Another cool thing one can see in these graphs is checkerboard patterns, like is almost seen in the negative morpheme feature lines. When a feature regularly avoids the other, it shows some sort of negative correspondance. The opposite would be true for features that regularly co-occur.

Phylogenetic Centred Visualisation

graph3nigercongo — Niger-Congo language family, from west to east.

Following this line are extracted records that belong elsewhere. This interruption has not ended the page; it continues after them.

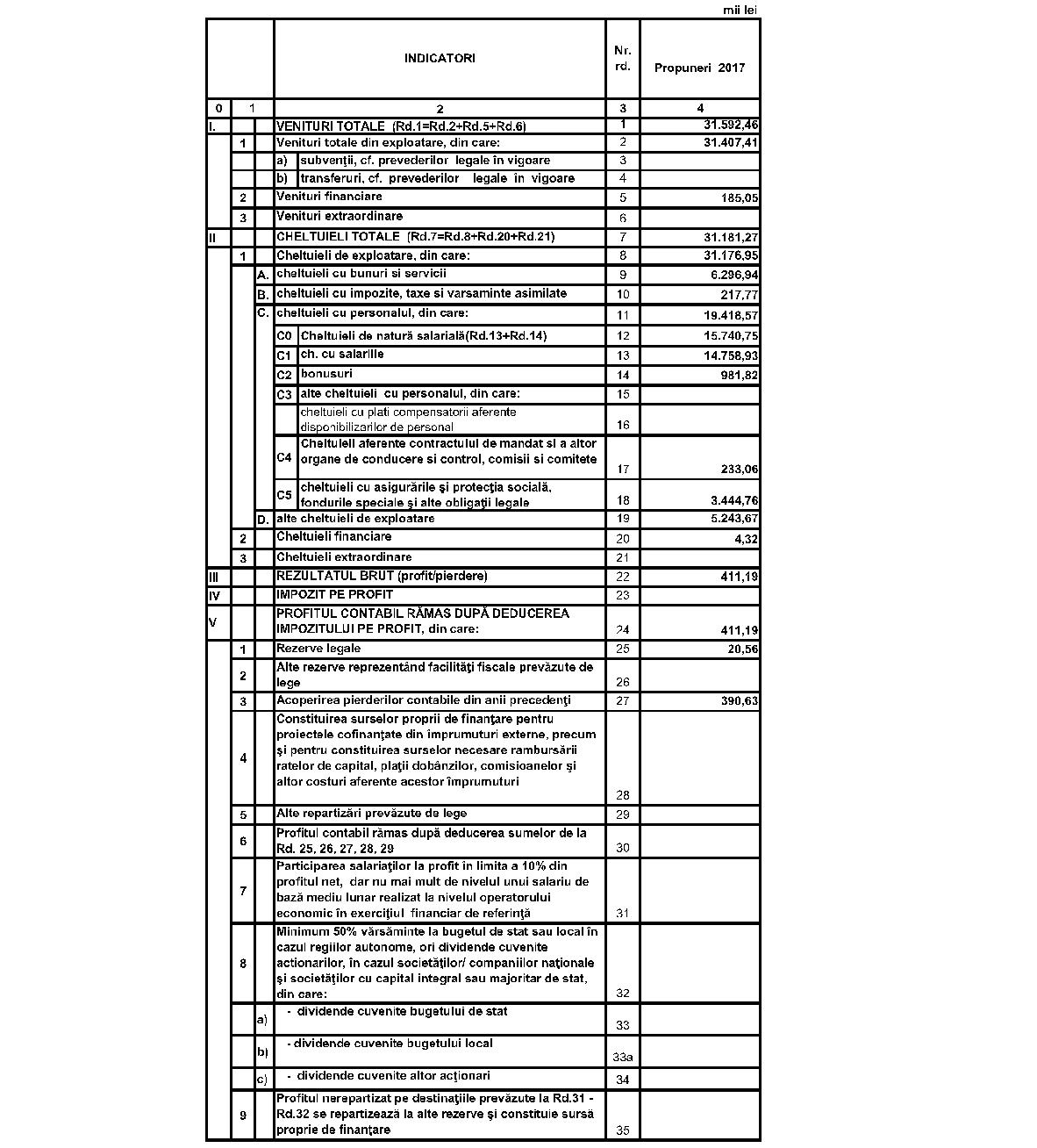 În temeiul art. 4 alin. (1) lit. b) din Ordonanţa Guvernului nr. 26/2013 privind întărirea disciplinei financiare la nivelul unor operatori economici la care statul sau unităţile administrativ-teritoriale sunt acţionari unici ori majoritari sau deţin direct ori indirect o participaţie majoritară, aprobată cu completări prin Legea nr. 47/2014, cu modificările şi completările ulterioare, al art. 5 alin. (4) din Hotărârea Guvernului nr. 21/2015 privind organizarea şi funcţionarea Ministerului Transporturilor, cu modificările şi completările ulterioare, al art. 10 alin. (4) din Hotărârea Guvernului nr. 34/2009 privind organizarea şi funcţionarea Ministerului Finanţelor Publice, cu modificările şi completările ulterioare, şi al art. 17 alin. (3) din Hotărârea Guvernului nr. 12/2017 privind organizarea şi funcţionarea Ministerului Muncii şi Justiţiei Sociale, precum şi modificarea unor acte normative,ministrul transporturilor, ministrul finanţelor publice şi ministrul muncii şi justiţiei sociale emit următorul ordin: Articolul 1Se aprobă bugetul de venituri şi cheltuieli pe anul 2017 al Societăţii Comerciale „Informatică Feroviară" - S.A., filiala Companiei Naţionale de Căi Ferate „C.F.R." - S.A., prevăzut în anexa care face parte integrantă din prezentul ordin. Articolul 2Prezentul ordin se publică în Monitorul Oficial al României, Partea I. Articolul 3 Societatea Comercială „Informatică Feroviară" - S.A. va duce la îndeplinire prevederile prezentului ordin.Ministrul transporturilor,Alexandru-Răzvan CucMinistrul finanţelor publice,Viorel ŞtefanMinistrul muncii şi justiţiei sociale,Lia-Olguţa VasilescuANEXĂ*)*) Anexa este reprodusă în facsimil.MINISTERUL TRANSPORTURILOR Societatea Comercială „Informatică Feroviară" - S.A. Str. Gării de Nord nr. 1, sectorul 1 Cod unic de înregistrare: 14966210 BUGETUL DE VENITURI ŞI CHELTUIELI pe anul 2017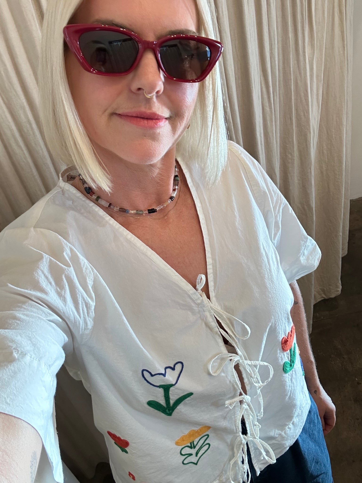 This smaller cat eye frame with sculpted details is perfect for the beach and beyond. 100% UVA, UVB and UVC protection with a polarized lens.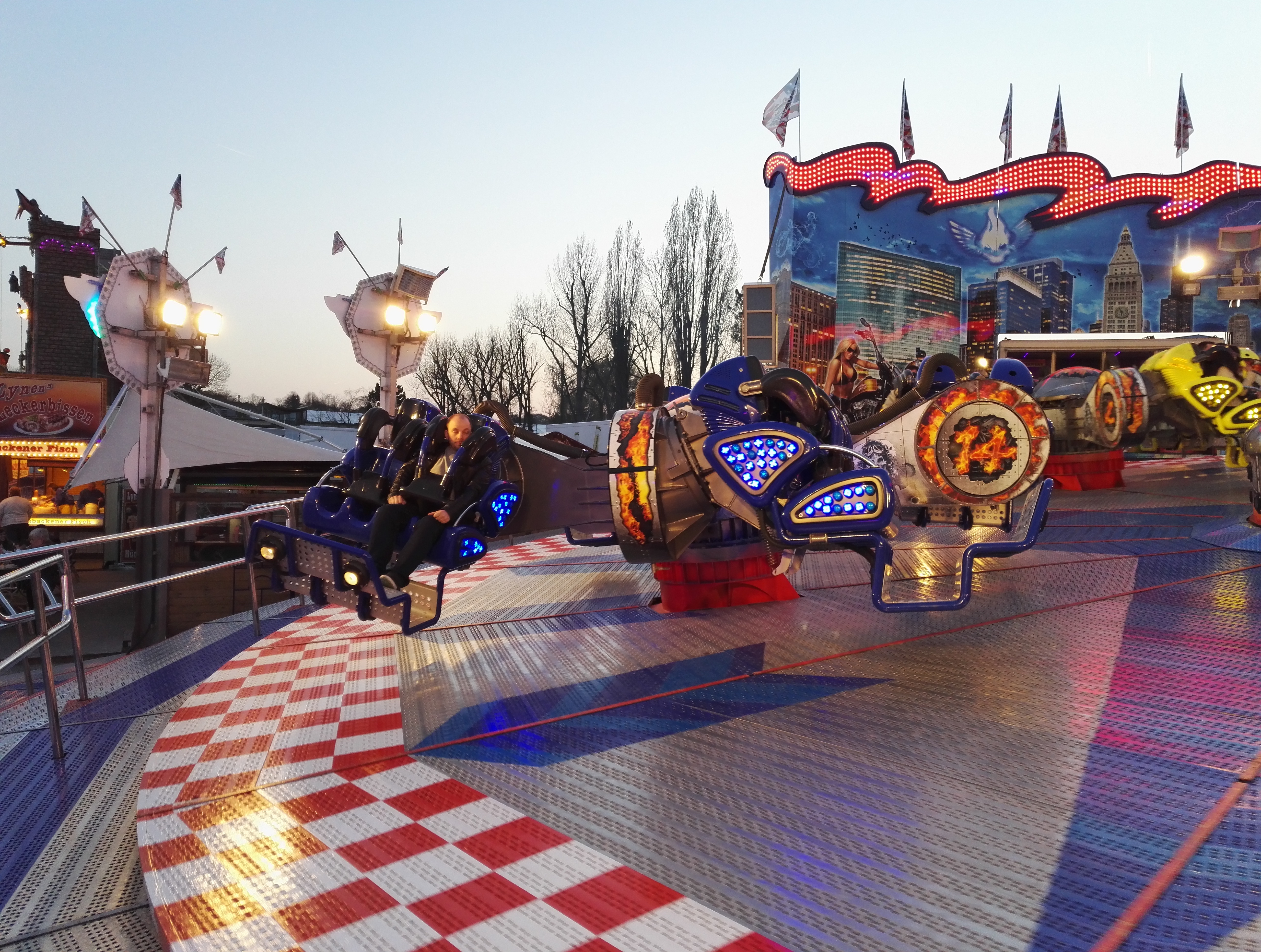 Am 03.04. musste unser altes Auto noch einmal für eine Tour herhalten: Den frisch getankten Sprit verbrauchen - und den gleichen Grund gab es dann eine Woche später - auf der Rückreise vom Bobbejaanland Richtung Brühl kamen wir eh an diesem Kirmesplatz vorbei.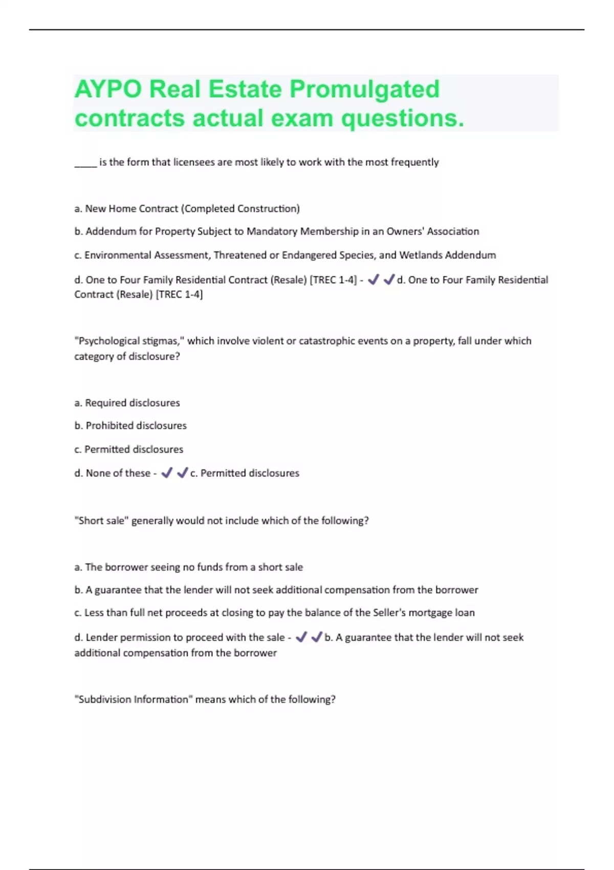 AYPO Real Estate Promulgated contracts actual exam Questions With 100 % Correct Answers | latest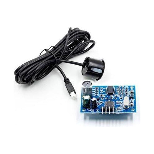 El sensor ultrasonido JSN-SR04T es un sensor de distancia que utiliza ultrasonido (sonar) para determinar la distancia de un objeto en un rango de 25 a 450 cm. Destaca especialmente por su resistencia al agua, pequeño tamaño, bajo consumo energético y buena precisión. Perfecto para aplicaciones donde el sensor estará expuesto a la intemperie/humedad/agua, utilizado en automóviles para medir distancia de colisión/parqueo.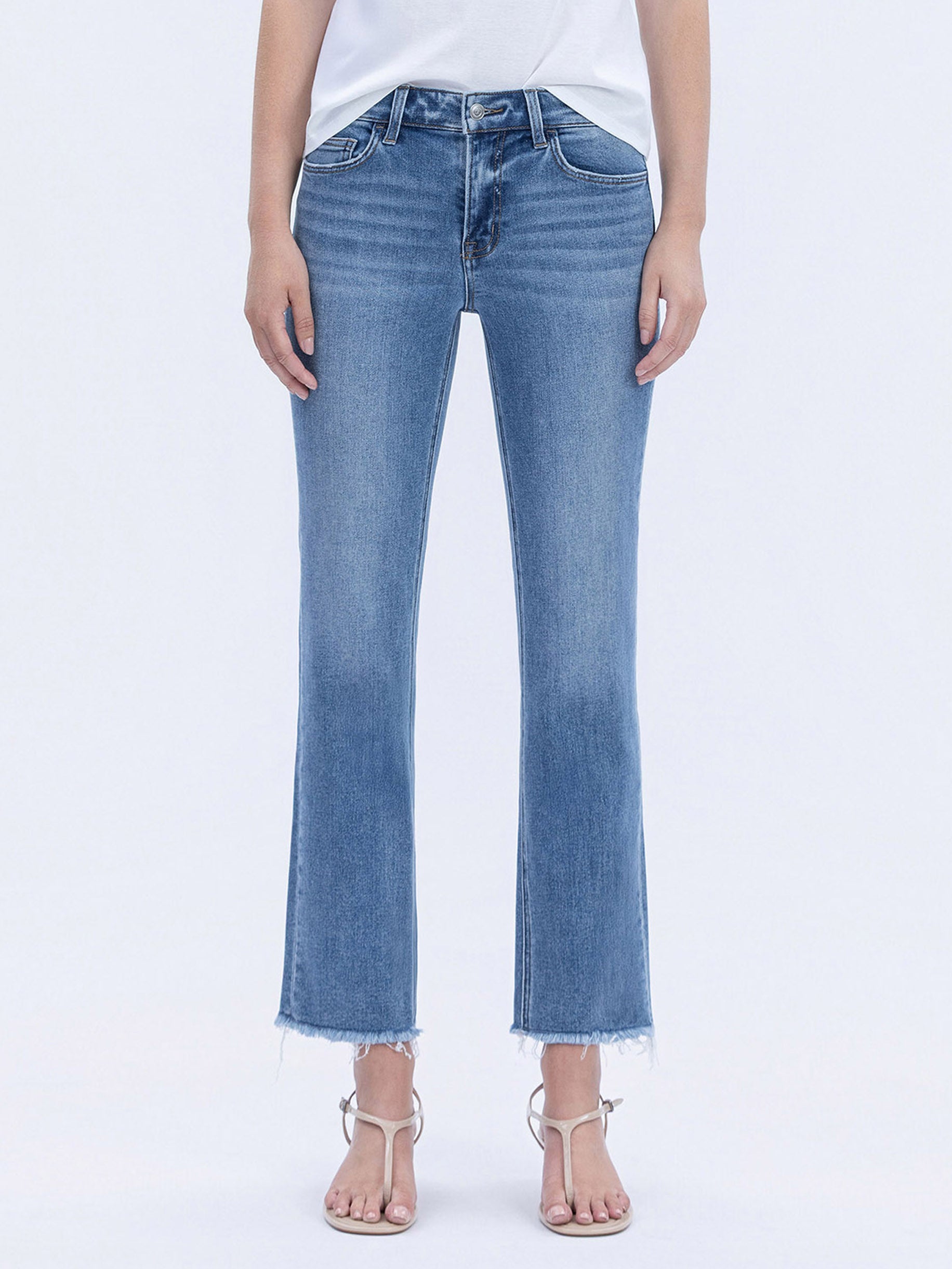 MID RISE RAW HEM CROP STRAIGHT JEANS

In order to not just focus on geography, we also did a couple of graphs looking at phylogenetic relations. So, the one above is of the Niger-Congo family, arranged from west to east, because that looked like the most obvious way to plot them, after looking at the geographical relations on WALS – there was less distances between languages on a north to south line than from west to east. These are all in one family, so there’s no bar at the top.

There’s some pretty fun stuff to draw from this graph, too. For instance, not all features have the same diversity. Comparative constructions are a lot more variable than the order of the numeral and the noun. Second, you can see pretty interesting clusters. For instance, the top left seems to cluster quite a bit, as does the bottom right. That means that languages to the west and languages to the east are more like their neighbours, which is expected. Remember that the colours are arbitrary per feature, so the most interesting clusters are defined by not being too noisy, like we see in the top right.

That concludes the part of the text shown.